(Aim of the exercise): The material below holds the lines to copy: from the one with "3月8日,南谯区银西社区泰行" up to and including the one with "وكان رواد مواقع". Copy them exactly and skip the pictures.

(Supplied data):
========================================
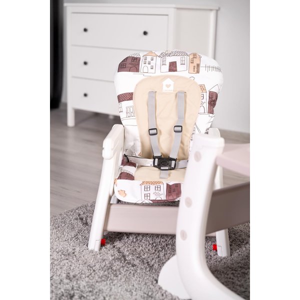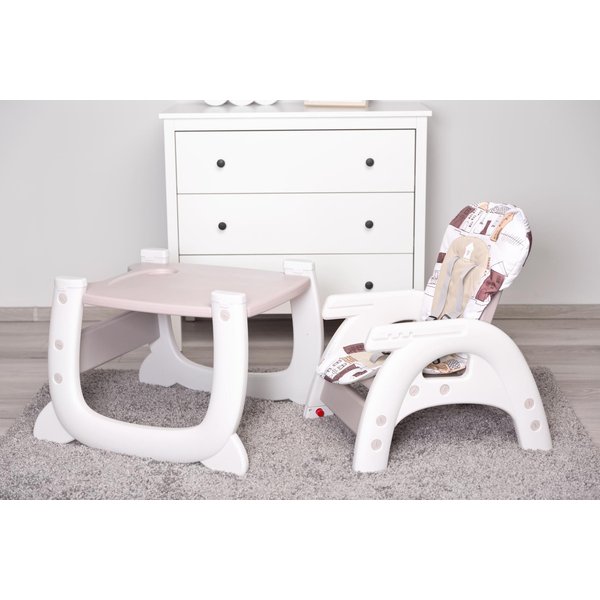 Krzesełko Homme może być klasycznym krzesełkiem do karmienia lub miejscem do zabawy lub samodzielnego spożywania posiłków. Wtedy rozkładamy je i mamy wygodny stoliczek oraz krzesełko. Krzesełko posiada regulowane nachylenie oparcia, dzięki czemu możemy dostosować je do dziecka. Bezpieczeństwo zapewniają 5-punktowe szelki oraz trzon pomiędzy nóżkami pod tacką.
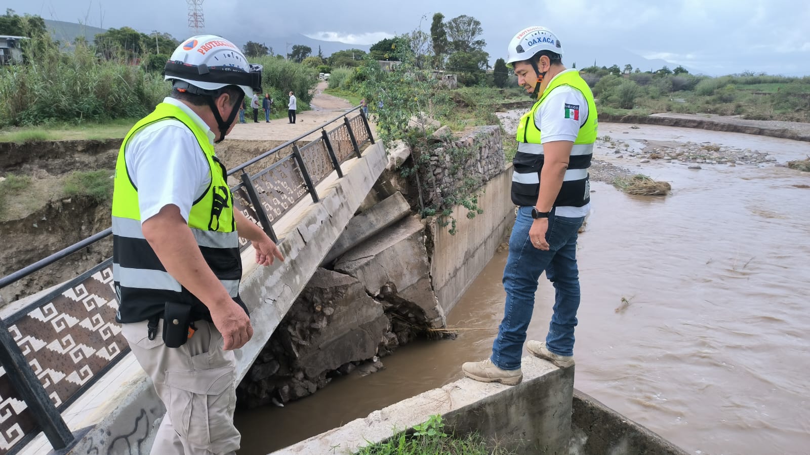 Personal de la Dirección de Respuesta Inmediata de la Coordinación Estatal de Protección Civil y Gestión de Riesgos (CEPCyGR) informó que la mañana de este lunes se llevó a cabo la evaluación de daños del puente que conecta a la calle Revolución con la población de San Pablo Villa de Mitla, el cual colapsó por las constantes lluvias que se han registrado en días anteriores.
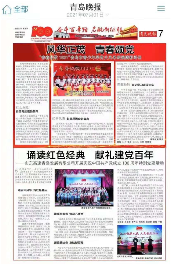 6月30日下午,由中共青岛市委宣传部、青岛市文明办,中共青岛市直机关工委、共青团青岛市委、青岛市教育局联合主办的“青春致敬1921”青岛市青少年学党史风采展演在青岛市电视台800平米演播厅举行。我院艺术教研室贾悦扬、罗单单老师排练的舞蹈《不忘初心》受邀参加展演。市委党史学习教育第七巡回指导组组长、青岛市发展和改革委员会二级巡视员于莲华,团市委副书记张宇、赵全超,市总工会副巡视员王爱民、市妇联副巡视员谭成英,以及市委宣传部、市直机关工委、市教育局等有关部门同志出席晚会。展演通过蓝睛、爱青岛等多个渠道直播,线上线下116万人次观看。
========================================
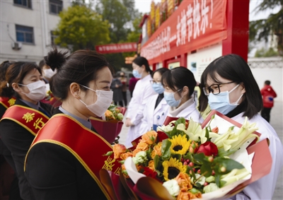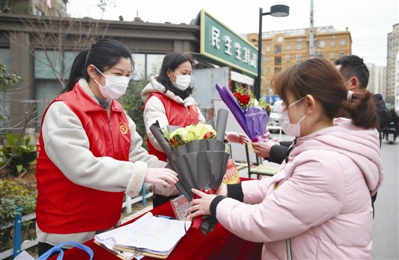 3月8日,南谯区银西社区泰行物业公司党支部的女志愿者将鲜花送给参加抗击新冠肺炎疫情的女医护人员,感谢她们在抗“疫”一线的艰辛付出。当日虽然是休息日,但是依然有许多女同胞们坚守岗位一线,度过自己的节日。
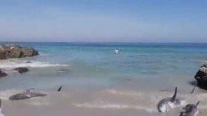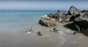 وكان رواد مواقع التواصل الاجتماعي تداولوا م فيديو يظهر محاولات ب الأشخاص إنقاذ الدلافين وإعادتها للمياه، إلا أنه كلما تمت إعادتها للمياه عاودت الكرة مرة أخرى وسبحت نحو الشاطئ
========================================
(Problem solution):
 3月8日,南谯区银西社区泰行物业公司党支部的女志愿者将鲜花送给参加抗击新冠肺炎疫情的女医护人员,感谢她们在抗“疫”一线的艰辛付出。当日虽然是休息日,但是依然有许多女同胞们坚守岗位一线,度过自己的节日。
 وكان رواد مواقع التواصل الاجتماعي تداولوا م فيديو يظهر محاولات ب الأشخاص إنقاذ الدلافين وإعادتها للمياه، إلا أنه كلما تمت إعادتها للمياه عاودت الكرة مرة أخرى وسبحت نحو الشاطئ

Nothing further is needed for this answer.